EXTRACTED DATA —
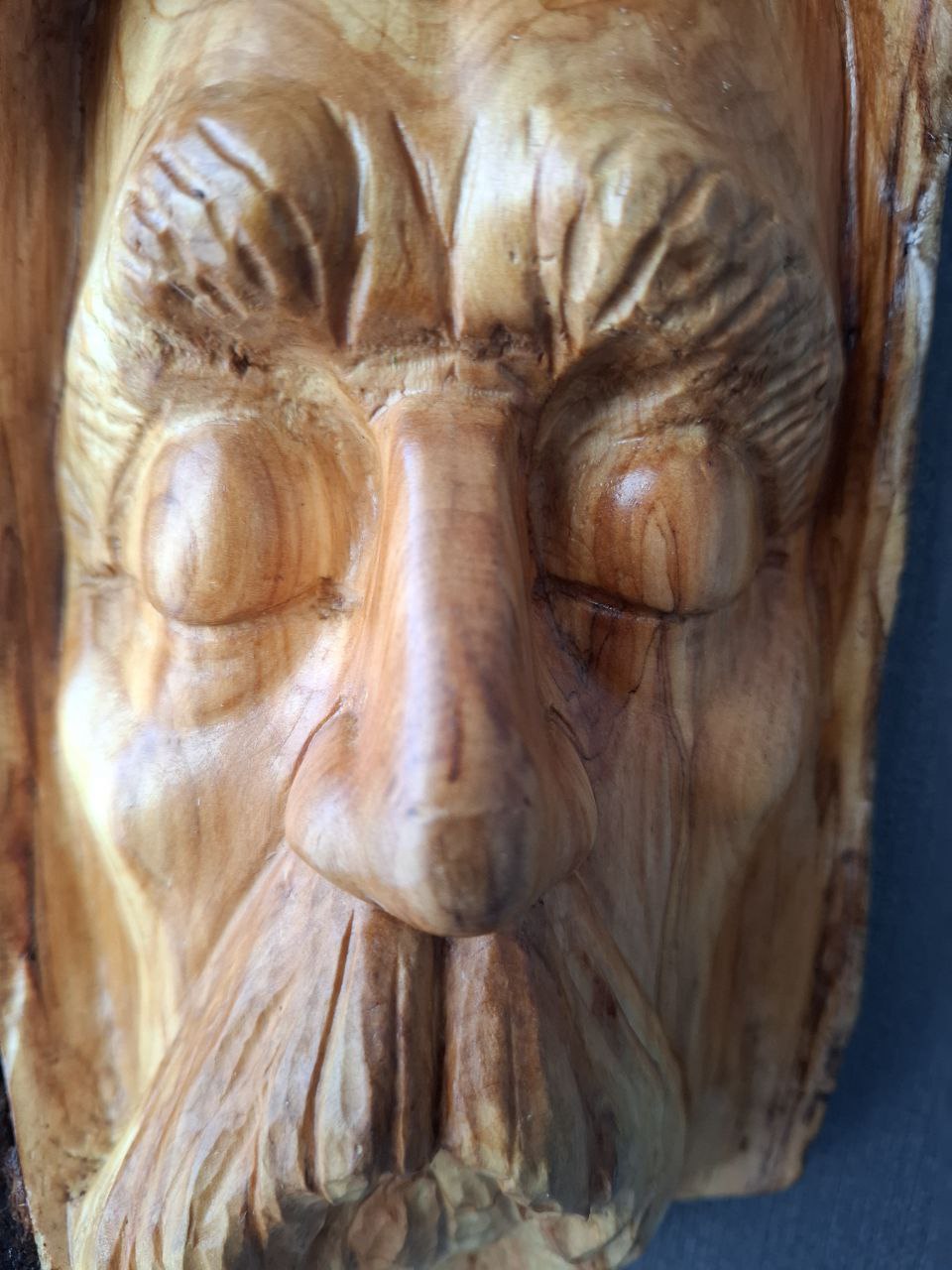Ein ausdrucksstarkes, handgeschnitztes Holzgesicht aus Fundholz.
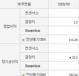 영업이익은 전년 동기 대비 3,964%, 당기순이익은 2,113% 정도를 나타내고 있습니다.
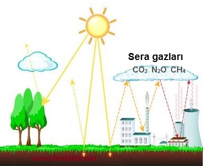 Sanayileşme ve fosil yakıtların çok kullanılmasından dolayı havadaki karbondioksit miktarı artmaktadır. Atmosferde bulunan karbondioksit, yeryüzünden yansıyan ışınları tutarak ışınların atmosfer dışına çıkmasını engeller ve dünyanın ısınması sonucu sera etkisi oluşur. Sera etkisini penceresi kapalı güneş alan bir otomobil içerisinde görebiliriz, otomobil içerisine giren güneş ışığı dışarı çıkamadığı için içerisi çok sıcak olur.
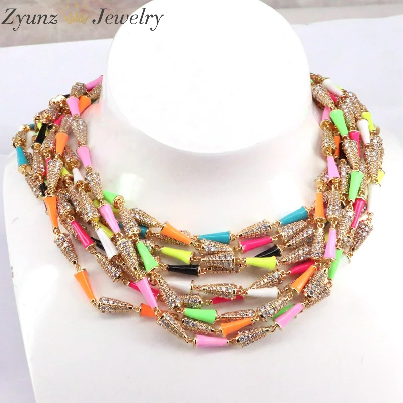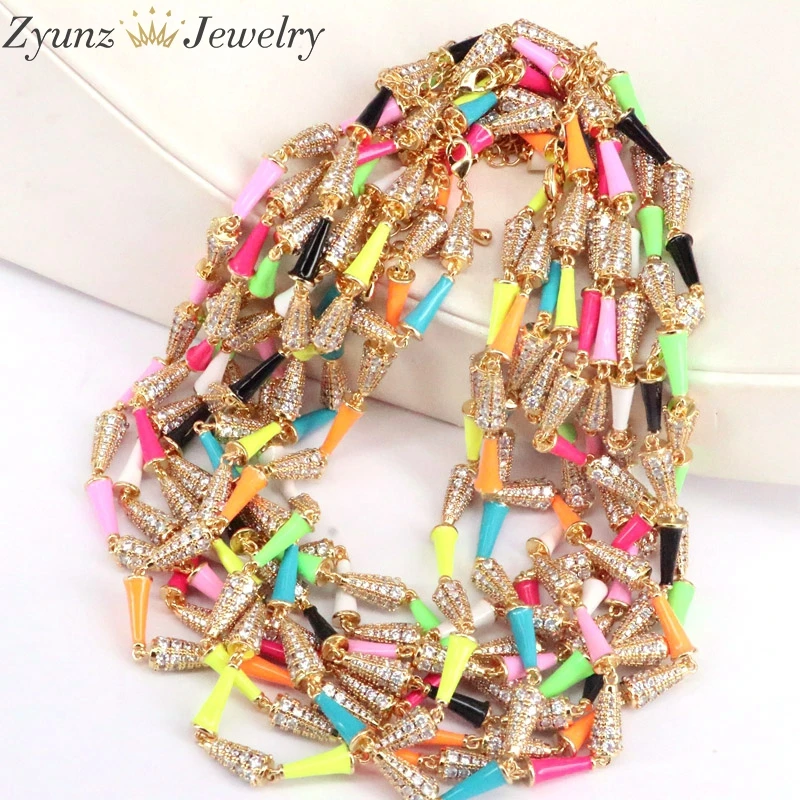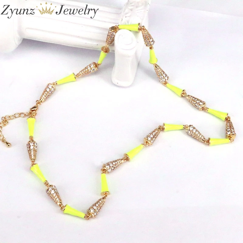Product Name: 3PCS, Bunte Emaille Kette Gold CZ Charme Halskette, Halsband Schichtung Halskette Boho Schmuck
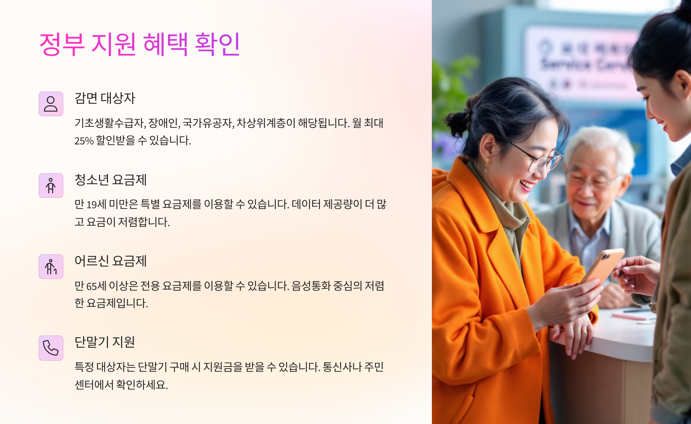 기초생활수급자 / 차상위계층: 월 최대 1만1000원 감면 ✔ 만 65세 이상 고령층: 기본료 일부 감면 가능 ✔ 만 29세 이하 청년: 청년 요금제 가입 가능, 알뜰폰 요금제도 혜택 ✔ 장애인 / 국가유공자: 통신사 고객센터에서 별도 감면 신청 가능
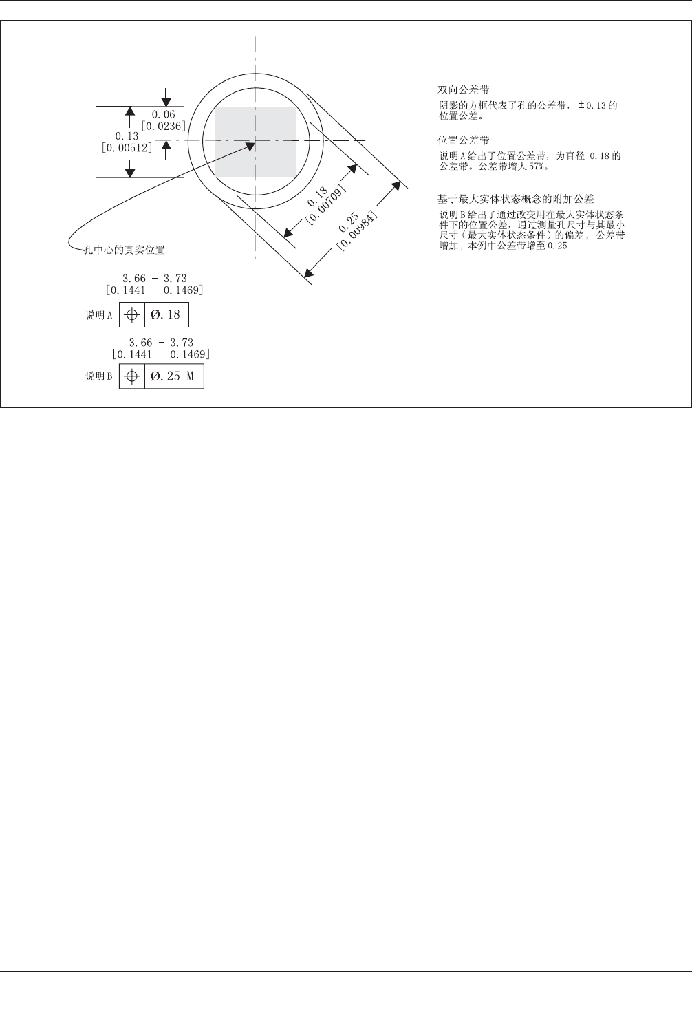 图5-4 位置公差对双向公差的优势、mm[in]
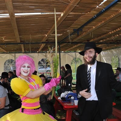 Romy Teperson strolled with her fellow clowns into the area housing the sukkah at the back of the park…and was immediately asked to say the brochat and the then shake the lulav and etrog.
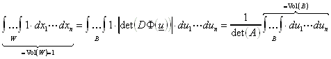 Beispiel: Gesucht wird das neue Volumen Vol(B) eines Parallelepipeds B, das durch eine affin-lineare Abbildung u = Ax + b eines Einheitswürfels W entstanden ist.
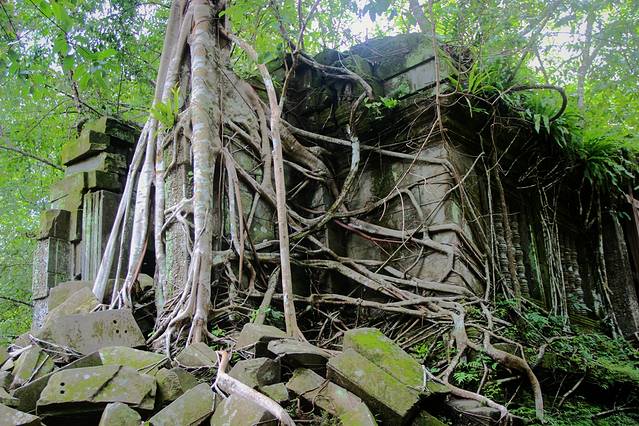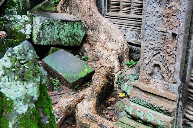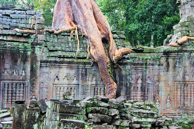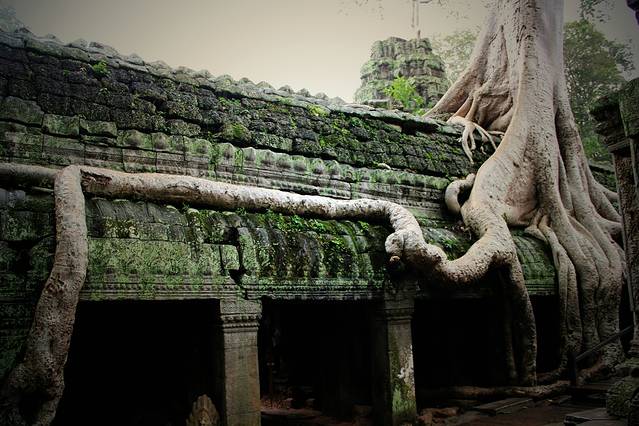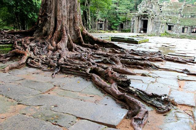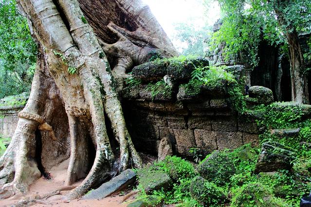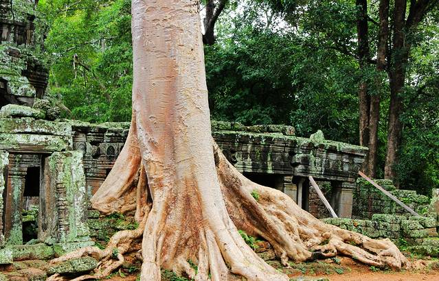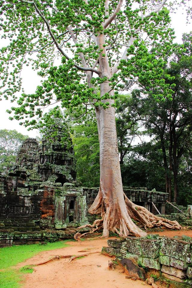 紧紧缠绕寺庙建筑的树叫吉贝树,根系既粗又壮。考古学者指出,古树的生长速度最终会使寺庙成为一片废墟。

WORK ITEM — Copy every line of the listing above exactly. Leave each picture out.

SOLUTION TO THIS TASK —
Ein ausdrucksstarkes, handgeschnitztes Holzgesicht aus Fundholz.
 영업이익은 전년 동기 대비 3,964%, 당기순이익은 2,113% 정도를 나타내고 있습니다.
 Sanayileşme ve fosil yakıtların çok kullanılmasından dolayı havadaki karbondioksit miktarı artmaktadır. Atmosferde bulunan karbondioksit, yeryüzünden yansıyan ışınları tutarak ışınların atmosfer dışına çıkmasını engeller ve dünyanın ısınması sonucu sera etkisi oluşur. Sera etkisini penceresi kapalı güneş alan bir otomobil içerisinde görebiliriz, otomobil içerisine giren güneş ışığı dışarı çıkamadığı için içerisi çok sıcak olur.
Product Name: 3PCS, Bunte Emaille Kette Gold CZ Charme Halskette, Halsband Schichtung Halskette Boho Schmuck
 기초생활수급자 / 차상위계층: 월 최대 1만1000원 감면 ✔ 만 65세 이상 고령층: 기본료 일부 감면 가능 ✔ 만 29세 이하 청년: 청년 요금제 가입 가능, 알뜰폰 요금제도 혜택 ✔ 장애인 / 국가유공자: 통신사 고객센터에서 별도 감면 신청 가능
 图5-4 位置公差对双向公差的优势、mm[in]
 Romy Teperson strolled with her fellow clowns into the area housing the sukkah at the back of the park…and was immediately asked to say the brochat and the then shake the lulav and etrog.
 Beispiel: Gesucht wird das neue Volumen Vol(B) eines Parallelepipeds B, das durch eine affin-lineare Abbildung u = Ax + b eines Einheitswürfels W entstanden ist.
 紧紧缠绕寺庙建筑的树叫吉贝树,根系既粗又壮。考古学者指出,古树的生长速度最终会使寺庙成为一片废墟。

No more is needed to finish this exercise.